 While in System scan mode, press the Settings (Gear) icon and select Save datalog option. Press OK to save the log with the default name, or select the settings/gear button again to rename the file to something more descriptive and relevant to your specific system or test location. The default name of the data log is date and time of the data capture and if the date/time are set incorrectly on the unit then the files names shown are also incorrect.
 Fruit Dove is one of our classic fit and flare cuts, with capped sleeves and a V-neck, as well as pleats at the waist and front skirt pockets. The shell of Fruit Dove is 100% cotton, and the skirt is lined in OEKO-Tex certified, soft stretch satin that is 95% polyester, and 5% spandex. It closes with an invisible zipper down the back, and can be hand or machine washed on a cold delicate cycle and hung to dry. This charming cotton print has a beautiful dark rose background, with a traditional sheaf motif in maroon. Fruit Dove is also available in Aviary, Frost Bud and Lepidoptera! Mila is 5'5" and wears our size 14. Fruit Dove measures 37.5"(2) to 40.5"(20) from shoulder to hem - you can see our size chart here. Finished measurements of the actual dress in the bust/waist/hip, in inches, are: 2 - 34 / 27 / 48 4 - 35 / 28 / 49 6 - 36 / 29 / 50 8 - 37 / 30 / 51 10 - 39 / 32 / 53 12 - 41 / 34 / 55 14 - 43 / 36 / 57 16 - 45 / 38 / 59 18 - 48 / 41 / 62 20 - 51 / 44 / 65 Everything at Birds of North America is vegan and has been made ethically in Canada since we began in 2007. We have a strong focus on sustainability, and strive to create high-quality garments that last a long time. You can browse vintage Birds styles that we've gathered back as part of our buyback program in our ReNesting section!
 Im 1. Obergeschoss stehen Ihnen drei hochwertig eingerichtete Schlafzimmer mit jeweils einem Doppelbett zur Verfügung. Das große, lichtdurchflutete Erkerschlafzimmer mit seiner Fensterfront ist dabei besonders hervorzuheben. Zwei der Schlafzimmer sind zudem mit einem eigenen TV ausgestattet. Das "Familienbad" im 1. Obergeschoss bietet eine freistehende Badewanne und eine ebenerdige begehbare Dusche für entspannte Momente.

---

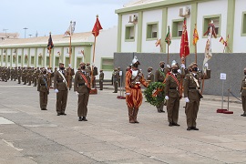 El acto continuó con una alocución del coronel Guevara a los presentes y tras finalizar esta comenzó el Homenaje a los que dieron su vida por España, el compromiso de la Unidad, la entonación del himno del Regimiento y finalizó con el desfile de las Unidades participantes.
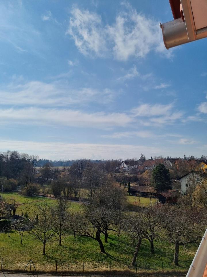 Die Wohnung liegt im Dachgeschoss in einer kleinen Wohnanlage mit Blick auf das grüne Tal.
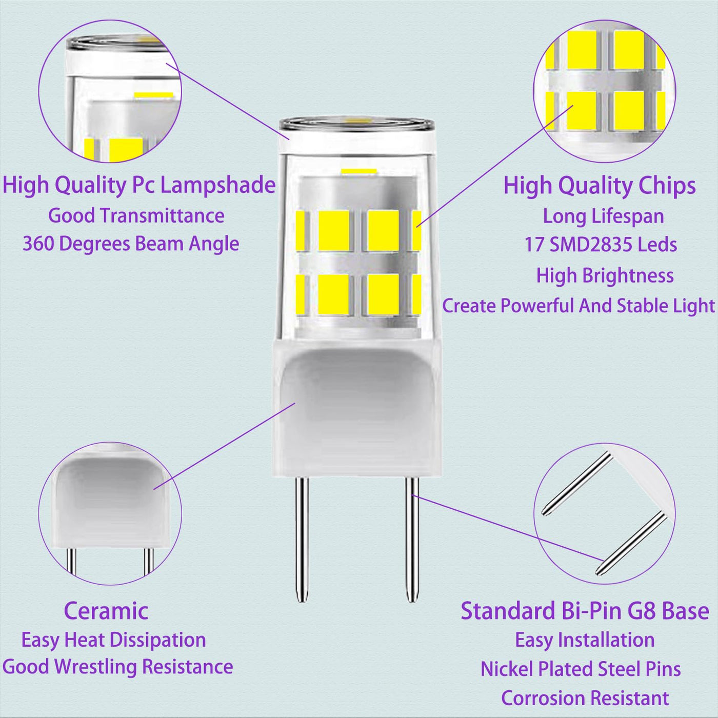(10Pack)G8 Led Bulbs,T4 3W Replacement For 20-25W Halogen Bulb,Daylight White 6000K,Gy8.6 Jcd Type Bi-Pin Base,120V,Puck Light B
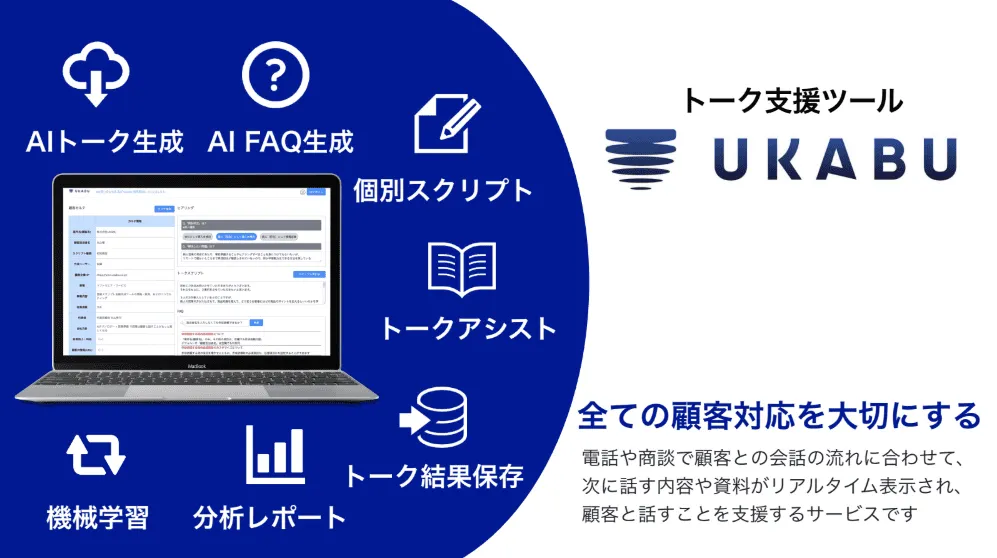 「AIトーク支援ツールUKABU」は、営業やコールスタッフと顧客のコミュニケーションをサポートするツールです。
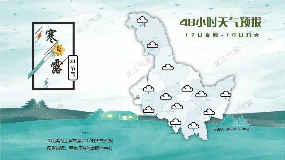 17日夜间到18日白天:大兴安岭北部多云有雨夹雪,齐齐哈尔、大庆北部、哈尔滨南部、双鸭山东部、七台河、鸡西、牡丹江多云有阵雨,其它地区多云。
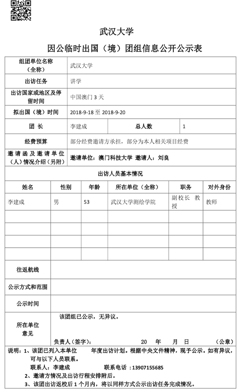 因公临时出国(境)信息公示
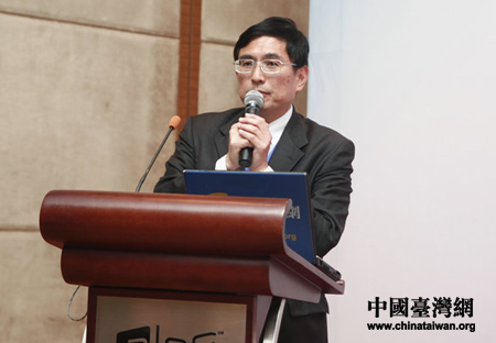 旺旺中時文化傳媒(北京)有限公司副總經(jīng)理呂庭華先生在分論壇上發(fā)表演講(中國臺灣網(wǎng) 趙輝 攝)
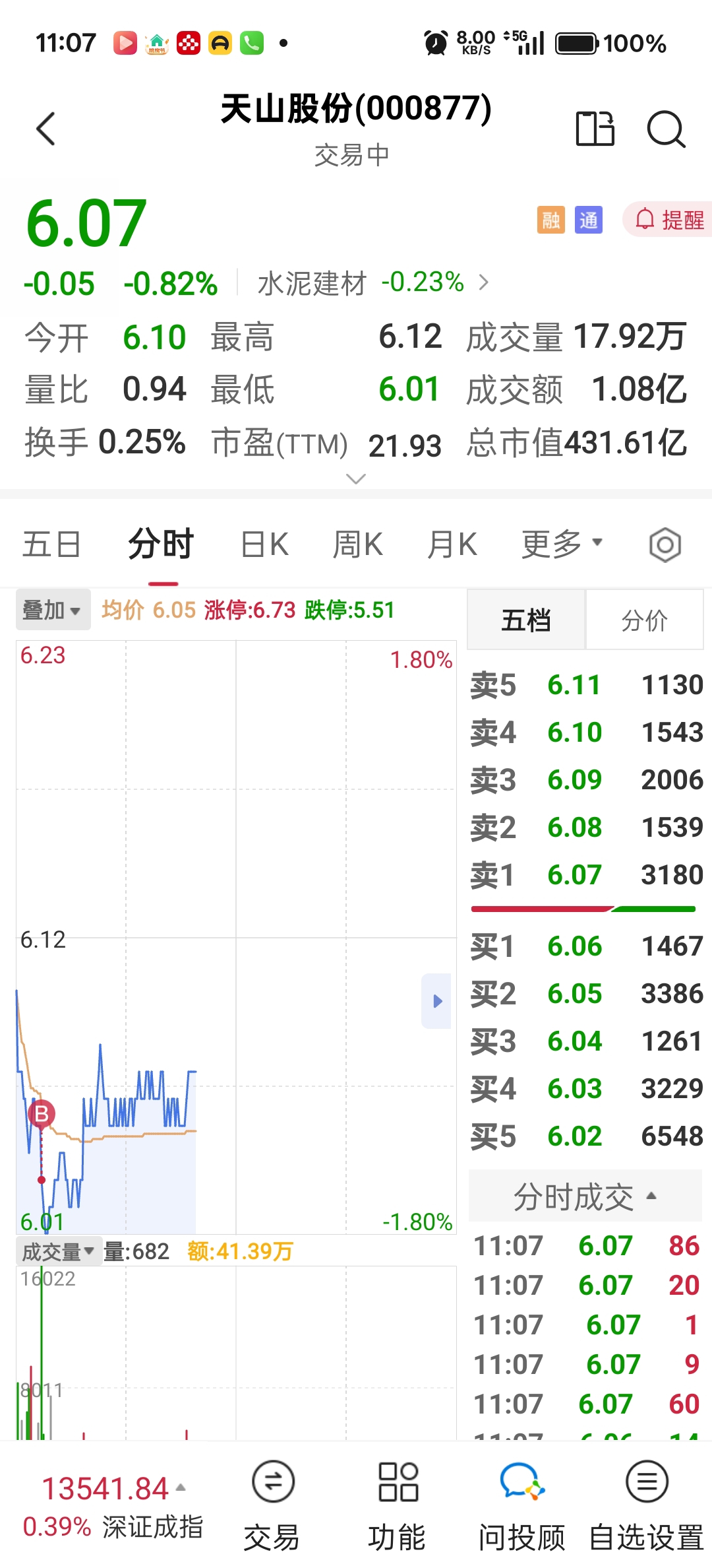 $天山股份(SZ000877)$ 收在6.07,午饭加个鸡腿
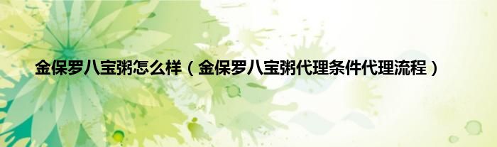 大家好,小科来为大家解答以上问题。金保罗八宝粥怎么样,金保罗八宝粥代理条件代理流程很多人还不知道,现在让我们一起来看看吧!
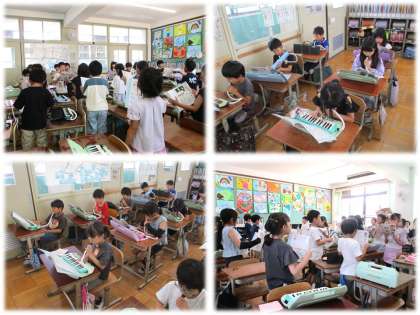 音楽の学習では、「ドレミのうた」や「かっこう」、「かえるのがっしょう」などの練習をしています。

■ **WORK ORDER**: The copy should hold only the lines from the one with "El acto continuó" through the one with "音楽の学習では、「ドレミのう", exactly as they stand above. Leave out the pictures.

■ **COMPLETED EXERCISE**:
 El acto continuó con una alocución del coronel Guevara a los presentes y tras finalizar esta comenzó el Homenaje a los que dieron su vida por España, el compromiso de la Unidad, la entonación del himno del Regimiento y finalizó con el desfile de las Unidades participantes.
 Die Wohnung liegt im Dachgeschoss in einer kleinen Wohnanlage mit Blick auf das grüne Tal.
(10Pack)G8 Led Bulbs,T4 3W Replacement For 20-25W Halogen Bulb,Daylight White 6000K,Gy8.6 Jcd Type Bi-Pin Base,120V,Puck Light B
 「AIトーク支援ツールUKABU」は、営業やコールスタッフと顧客のコミュニケーションをサポートするツールです。
 17日夜间到18日白天:大兴安岭北部多云有雨夹雪,齐齐哈尔、大庆北部、哈尔滨南部、双鸭山东部、七台河、鸡西、牡丹江多云有阵雨,其它地区多云。
 因公临时出国(境)信息公示
 旺旺中時文化傳媒(北京)有限公司副總經(jīng)理呂庭華先生在分論壇上發(fā)表演講(中國臺灣網(wǎng) 趙輝 攝)
 $天山股份(SZ000877)$ 收在6.07,午饭加个鸡腿
 大家好,小科来为大家解答以上问题。金保罗八宝粥怎么样,金保罗八宝粥代理条件代理流程很多人还不知道,现在让我们一起来看看吧!
 音楽の学習では、「ドレミのうた」や「かっこう」、「かえるのがっしょう」などの練習をしています。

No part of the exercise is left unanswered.